Matt détourna le regard et se plongea dans la contemplation d’un feu tricolore.
Neil les dévisagea, interloqué. S’il ne posait pas de question, il ne saurait jamais.
— C’est qui… Il lui est arrivé quoi, à cette Inès ?
Les deux filles torpillèrent Matt du regard. Allons, bon. Sujet tabou ?
— Ça ne sert à rien d’essayer de renouer le dialogue avec moi si c’est pour me
cacher des informations, s’impatienta-t-il. Autant laisser la situation telle quelle. Ça me
va très bien.
Sa voix sonna trop amère, mais tant pis. Ça lui ferait moins mal de vivre seul dans
son coin, que de se faire des amis pour découvrir par la suite qu’ils lui taisaient des
choses qu’il aurait dû savoir. Il le prendrait probablement comme une trahison. Il n’avait
plus envie de ressentir ce genre d’émotions saumâtres. Ç’avait été trop douloureux avec
Chelsea.
De plus, il n’aimait être aux prises avec sa conscience. Lui aussi leur taisait des
choses. Certes, c’était par nécessité, mais il n’en restait pas moins qu’il était mal placé
pour leur en faire le reproche. Autant tracer sa route, finalement. Lyn le devança :
— Parfait ! asséna-t-elle d’un ton cassant. On s’en va.
— Inès a fini par quitter le lycée, poussée à bout par les Efraïm. Surtout Eliam.
La révélation de Vanessa figea le mouvement de Neil. Elle se dégagea avec
brusquerie alors que Lyn tirait sur sa manche.

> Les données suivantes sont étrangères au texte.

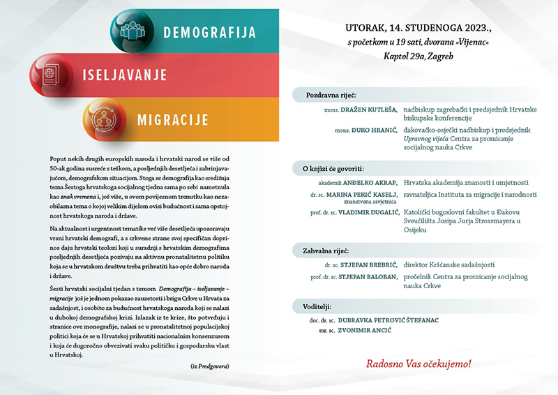 Predstavljanje knjige „Demografija – iseljavanje – migracije. Šesti hrvatski socijalni tjedan, Zagreb, 22. i 23. listopada 2021.“ bit će održano u utorak 14. studenoga 2023., u dvorani „Vijenac“ u Zagrebu (Kaptol 29 A), s početkom u 19 sati.
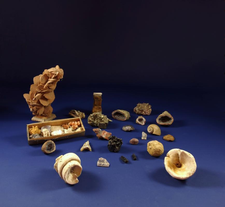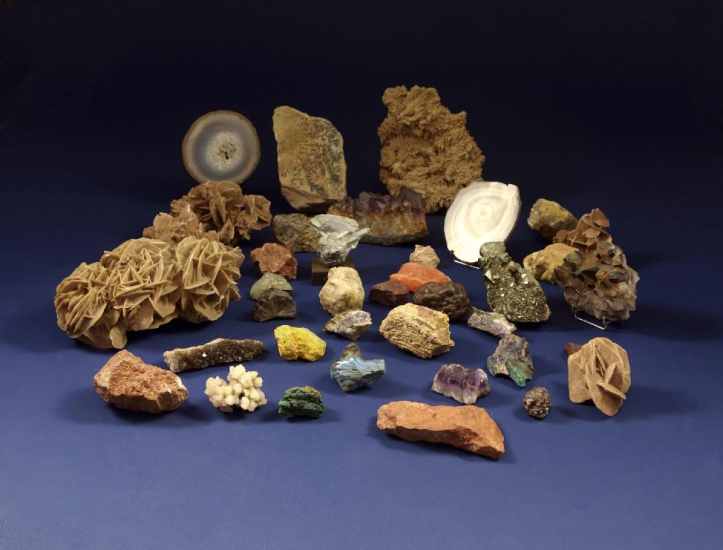 Collection de minéraux divers (roses des sables, marcassite, etc.)
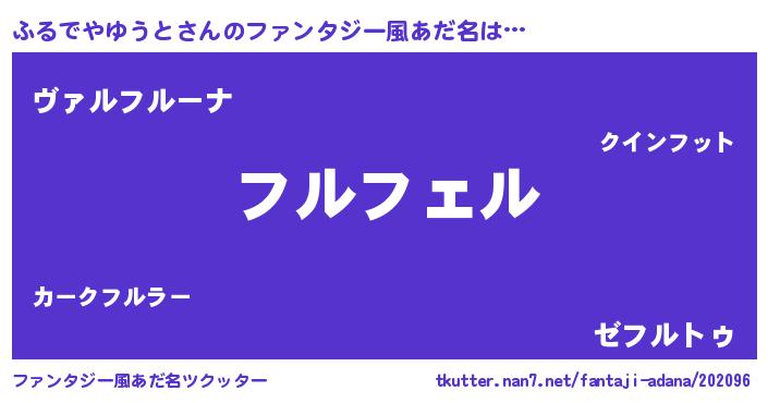| 男性向けラノベタイトル風あだ名 | 『フルデヤユウトアートオンライン』 |

— J’en ai marre de vivre sous leur coupe comme une souris terrorisée, Lyn.
Maintenant que leur grand-frère est parti, ils vont reprendre le flambeau. Ça sera
d’autant plus rapide et facile pour eux si on laisse faire.

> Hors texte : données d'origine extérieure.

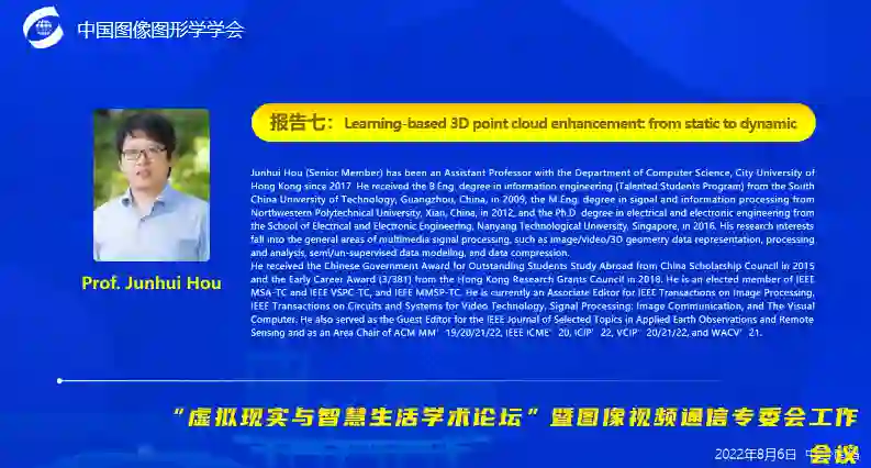 来自香港城市大学的侯军辉教授作《Learning-based 3D point cloud enhancement: from static to dynamic》的学术报告。该报告报道了近年来基于深度学习的点云质量增强、点云重建、稀疏点云上采样以及点云时域上采样等方面的工作。

— Mais je ne veux pas qu’il t’arrive des bricoles. Tu peux le comprendre, ça ?
tempêta Lyn. Je ne pourrai rien faire s’ils s’en prennent aussi à toi ! cria-t-elle, au bord
des larmes.
— Pourquoi vous n’en parlez pas aux profs, s’ils tyrannisent tout le monde ?

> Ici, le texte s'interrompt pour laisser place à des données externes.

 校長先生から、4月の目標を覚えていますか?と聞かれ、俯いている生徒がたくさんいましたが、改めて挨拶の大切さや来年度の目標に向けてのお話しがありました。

demanda Neil, troublé par sa violente réaction.
Il y avait de la crainte… Non, de l’inquiétude. Ou plutôt beaucoup de peur,
mâtinée d’impuissance. Celle proche du désespoir ressentie face à la fatalité. Neil le
ressentait de mieux en mieux comme une odeur gagnant en intensité. C’était comme si
chaque puissante émotion chez Lyn avait une fragrance bien distincte. L’expérience était
pour le moins… perturbante.
Son nez recommençait à déconner. Il devait vite en parler à sa mère avant que ça
ne dégénère. Mais comment aborder un tel sujet ? Sa génitrice le prendrait pour un
plaisantin, ou ne trouverait tout simplement pas cela drôle.
6
Réflexion – tome 1
Le plus important pour le moment, était que cette Inès n’avait pas été la seule
victime. La réponse de Vanessa venait de grossir son appréhension.
— Ça revient au même que de ne rien dire.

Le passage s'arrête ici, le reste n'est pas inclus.